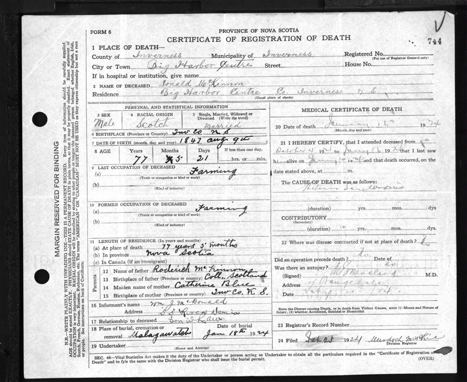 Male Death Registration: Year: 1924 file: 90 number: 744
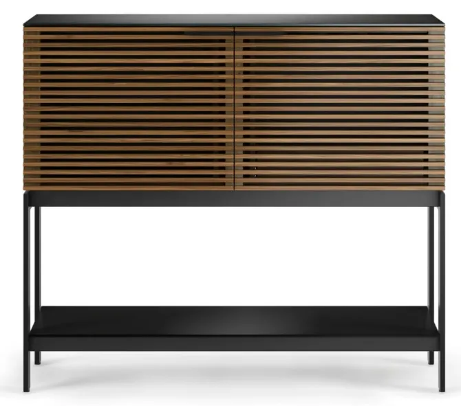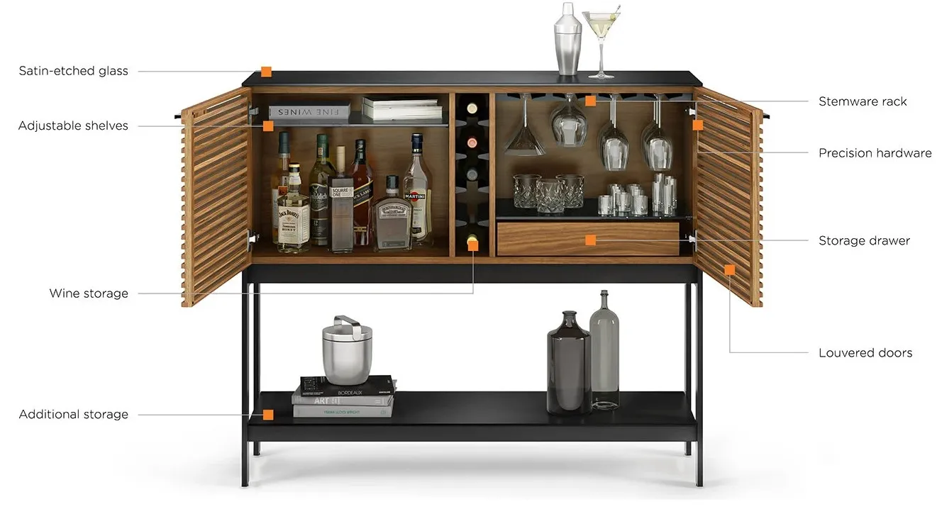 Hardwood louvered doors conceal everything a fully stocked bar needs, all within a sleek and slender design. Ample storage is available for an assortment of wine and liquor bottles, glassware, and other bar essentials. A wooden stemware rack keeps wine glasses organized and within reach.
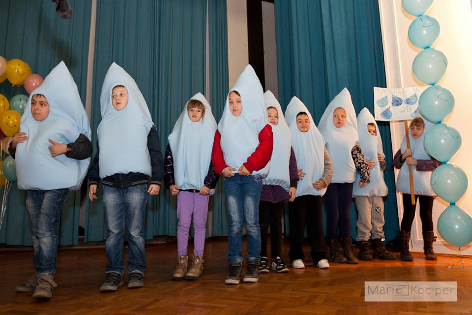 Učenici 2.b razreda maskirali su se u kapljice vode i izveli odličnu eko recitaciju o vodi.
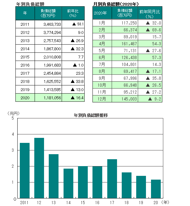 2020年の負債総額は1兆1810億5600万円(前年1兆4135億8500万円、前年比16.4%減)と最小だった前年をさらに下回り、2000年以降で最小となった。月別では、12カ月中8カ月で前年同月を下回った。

—————

TASK REQUIREMENTS >> The data needs to be reproduced exactly, please, apart from its pictures.

EXPECTED ANSWER >>
 Male Death Registration: Year: 1924 file: 90 number: 744
 Hardwood louvered doors conceal everything a fully stocked bar needs, all within a sleek and slender design. Ample storage is available for an assortment of wine and liquor bottles, glassware, and other bar essentials. A wooden stemware rack keeps wine glasses organized and within reach.
 Učenici 2.b razreda maskirali su se u kapljice vode i izveli odličnu eko recitaciju o vodi.
 2020年の負債総額は1兆1810億5600万円(前年1兆4135億8500万円、前年比16.4%減)と最小だった前年をさらに下回り、2000年以降で最小となった。月別では、12カ月中8カ月で前年同月を下回った。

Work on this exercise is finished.